What do journalists do when they can’t write about the news?

What do journalists do when they can’t write about the news?

Oscar Wilde is quoted as saying “the one duty we owe to history is to rewrite it.” Recently, for some reason, Turkish journalists have been taking this duty upon themselves.

Why? Well, to begin with, it is safer. All the protagonists are dead, so no one can complain, or call your editor, or call you a terrorist, or sue you, or put you in jail. It is like a soldier staying at home and playing World War II games all day. You can die as many times as you want without any of the real consequences: Cheap thrills without any of the responsibility. That’s why rewriting history should be the number one item in “The Journalist’s Guide to Survival under Unseemly Circumstances.” Find documents, and if there are no documents that’s what Photoshop is for.

Turkey’s daily Yeni Şafak took the prize in this category last week, with a news story about how Atatürk was allegedly murdered by İsmet İnönü. İnönü became the second president of the recently established Turkish Republic in 1938, right after Atatürk’s death. Yeni Şafak printed a story with “new evidence” unearthed by an anonymous journalist “proving” that Atatürk was heinously poisoned by İnönü. The documents cited by the article (which can be seen on their website) appear to be printed on yellow, old-timey paper covered in water marks. But whoever wrote them presciently used a language that the average Turk in 2015 can easily understand, in a font that – as other journalists discovered – was actually a Microsoft Word font. The Ottoman Empire might have been a latecomer to the printing press, but it turns out we were in fact way ahead of the curve on digital communications.

Yeni Şafak asked Professor İlber Ortaylı about his views on the alleged documents, and was baffled when the renowned historian said he thought the matter was idiotic. He seemed to think journalists should focus on writing news and leave history to professional historians. “Newspapers do this all the time. They think they are establishing a new Turkey. Like hell they are,” he said (according my rough translation). To Yeni Şafak’s credit, they did publish what appeared to be the genuine conversation with the historian, even if it was with the headline “İlber Ortaylı exceeds his limits,” alongside the claim that he “couldn’t handle” the new evidence.

Alas, this story is only one example of a developing trend in Turkish journalism. What is really worrying about this trend is the morbidity of all of the stories. Why does it always have to be murder and deceit?
 
The obvious answer is the catchy headlines this gives. But does it have to be so weird or kinky? As a 50-year-old-plus veteran citizen of this country, I am worried by the amount of poison, sex and conspiracies that I am exposed to in the news on a daily basis.
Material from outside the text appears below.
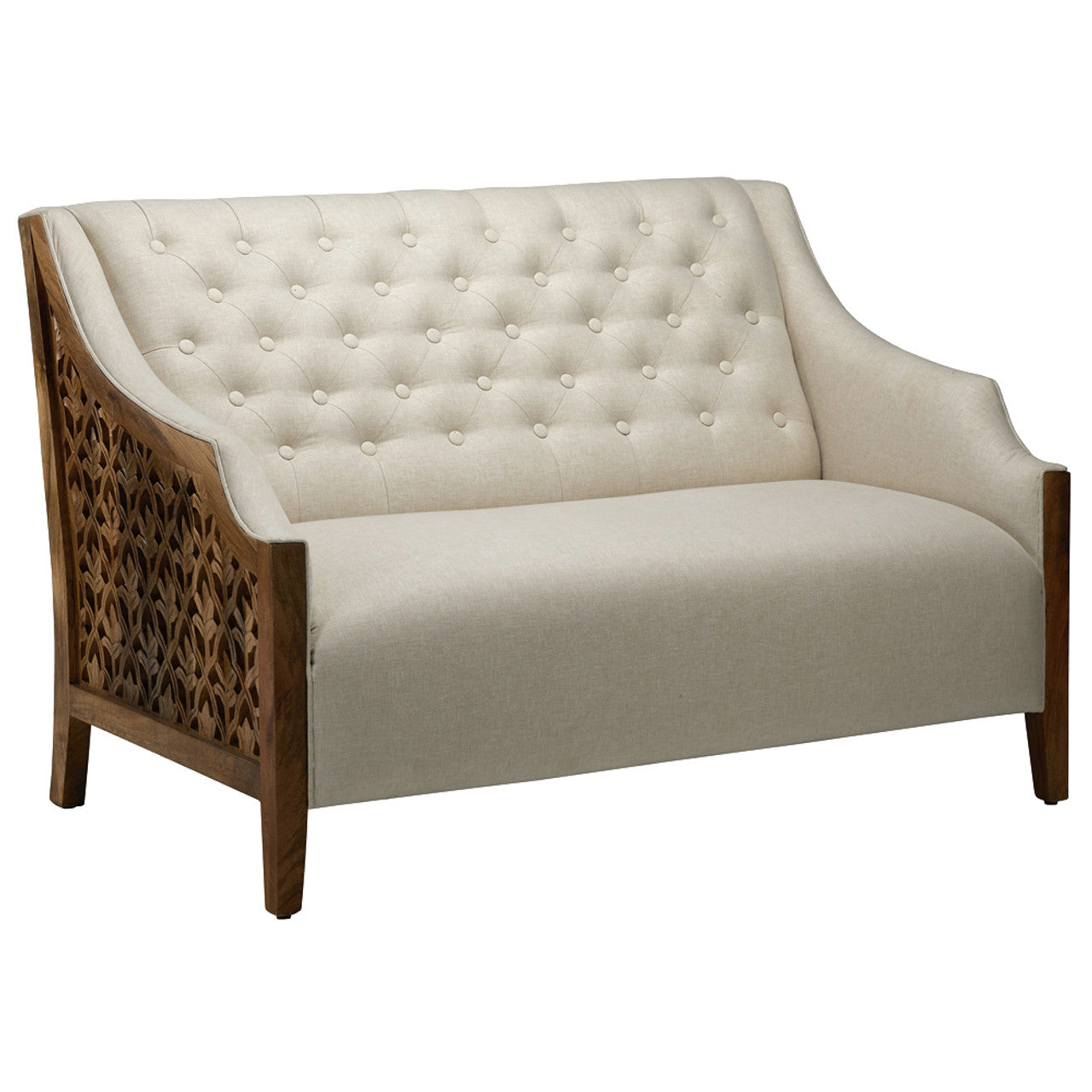 Naturally finished with a satin sheen that protects and enhances the wood. The grain of the Mango Wood offers beautiful variations of natural color with rich depth and tone. The tailoring of the seating is well done with a neutral Linen and button tufted backs that offers a beautiful synergy with the wood. Loveseat Sold Seperately ,but the new Chalet Natural Pierced Carved Upholstery Group offers options for matching with either the Chalet Chair

The erosion of quality in mainstream news might have something to do with the environment journalists find themselves in today. Turkey, after all, was the world champion in the number of journalists jailed in both 2012 and 2013, incarcerating more than 40 journalists every year. In those years, we triumphed over other pioneers of freedom of the press and expression, such as China and Iran. Since 2014, however, Turkey no longer holds this venerable title - though it is still among the top 10 countries for jailed journalists. With seven journalists jailed in 2014, Turkey was 9th in the list, putting it above Bahrain and below Azerbaijan. But journalists know that their country could climb back up that ladder, thus putting them in a dilemma: Either write about people who still shape events and risk trouble, or write about dead people. It’s a tough profession.
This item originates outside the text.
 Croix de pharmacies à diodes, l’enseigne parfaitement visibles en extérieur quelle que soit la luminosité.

But there still seems to be some who don’t know what’s good for them. One look at the latest Amnesty International Bulletin this week had two pieces of news about Turkey. The good news first: The prosecutor of Dutch journalist Frederike Geerdink, who was tried this week for allegedly praising the outlawed Kurdistan Workers’ Party (PKK), asked for her acquittal. The bad news: Ceyda Karan and Hikmet Çetinkaya are to be tried for publishing excerpts from the Charlie Hebdo magazine. They should have read their copies of the “Journalists Guide to Survival under Unseemly Circumstances” more carefully. It would have been the safer thing to do.

Of course, in some instances, rewriting history might not only be about safety. Orwell put it best when he said, “whoever controls the past, controls the future, and who controls the present, controls the past.”